Supplied material section start

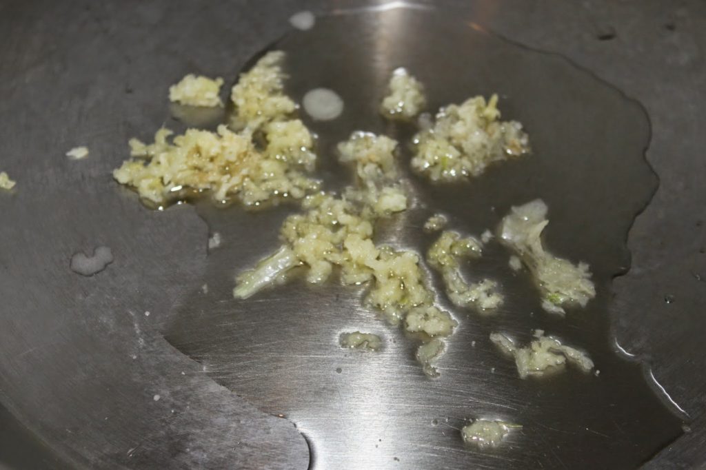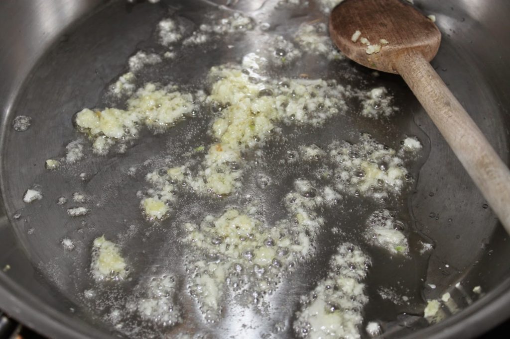 - Ajoutez les gousses d’ail écrasées et faites doucement frétiller sur feu modéré.
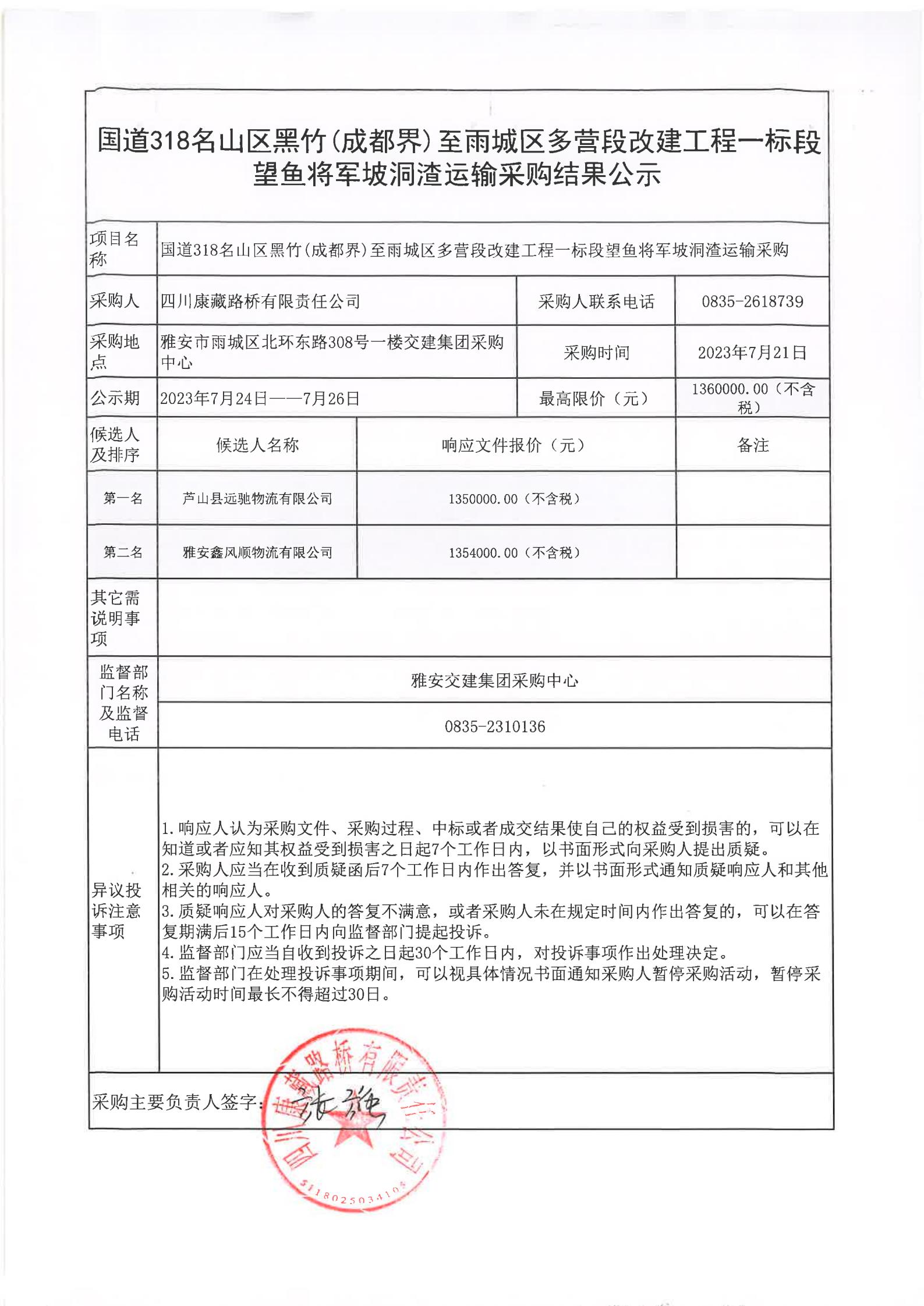 四川康藏路桥有限责任公司国道318名山区黑竹(成都界)至雨城区多营段改建工程一标段望鱼将军坡洞渣运输采购结果公示
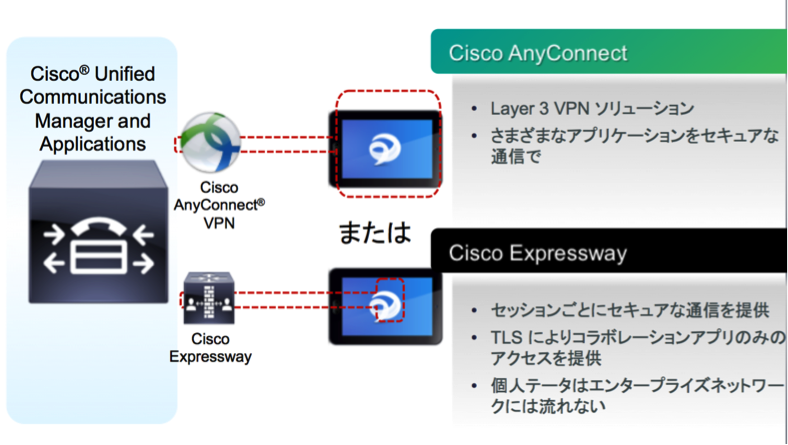 外出先からのネットワーク アクセスという観点からいうと、Cisco AnyConnect と呼ばれる VPN ソリューションも選択肢のひとつです。Cisco AnyConnect を導入すれば、Cisco Jabber だけではなく、イントラネットの Web ページやメールを含めてすべての社内アプリケーションを、社外からでも利用可能になります。Collaboration Edge は、Cisco Jabber の機能のみを社外から 利用したいという要望に答えるために開発されました。
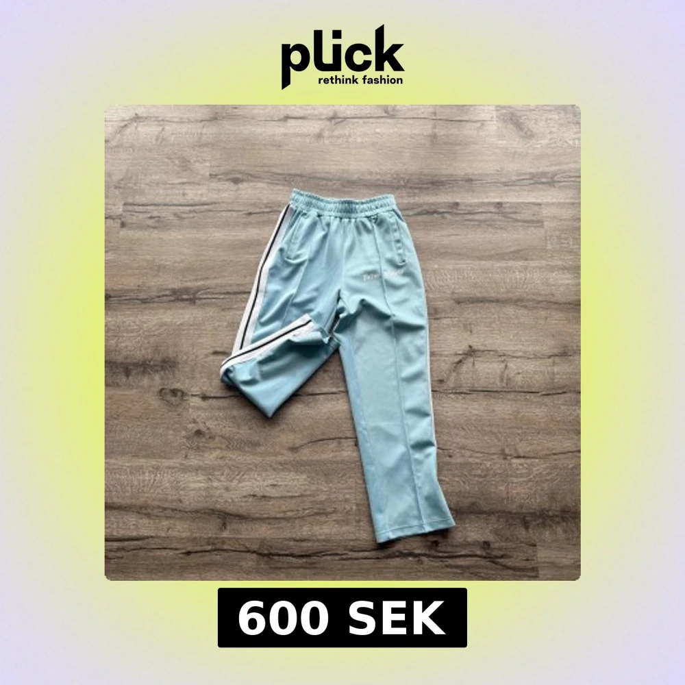 Säljer ett par ljusblå träningsbyxor från Palm Angels med vita sidoränder och dragkedjor vid bensluten. Byxorna har resår i midjan och logga tryckt på framsidan. Perfekta för en sportig look. Nästan helt nya endast använda ett par gånger. Skicka pm vid minsta fundering
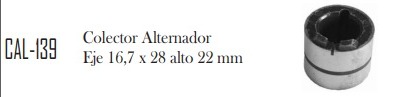(1) COLECTOR DE ALTERNADOR EJE 16.7 x 28 ALTO 22mm
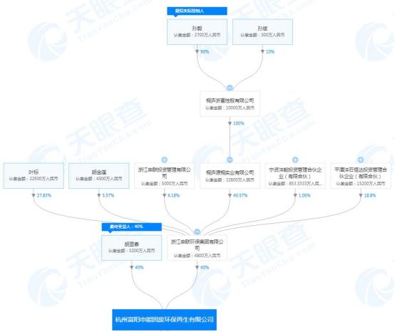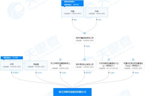 首先来看申联环保,申联环保的第一大股东为桐庐源桐,持股比例分别为40.57%,而桐庐浙富控股有限公司对桐庐源桐100%持股,孙毅则持有桐庐浙富控股有限公司90%股权,为其实际控制人。也就是说,浙富控股的实控人孙毅,也是申联环保的实控人。桐庐浙富控股有限公司另一控股股东为孙斌,持股比例为10%。
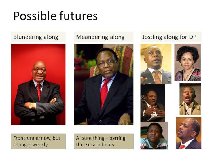 What the slide doesn’t take account of is a push to remove Zuma entirely giving Tokyo a shot at the deputy presidency at Mangaung and therefore the possibility of him becoming president of the country by 2019. That strategy is up against it, but the rewards of success will probably cause his backers to give it a full go.

Supplied material section end

*Your instructions*. Write out each line of the listing above, exactly, from its first line to the line holding "四川康藏路桥有限责任公司国道", inclusive. Skip the pictures.

*Solved problem*.
 - Ajoutez les gousses d’ail écrasées et faites doucement frétiller sur feu modéré.
 四川康藏路桥有限责任公司国道318名山区黑竹(成都界)至雨城区多营段改建工程一标段望鱼将军坡洞渣运输采购结果公示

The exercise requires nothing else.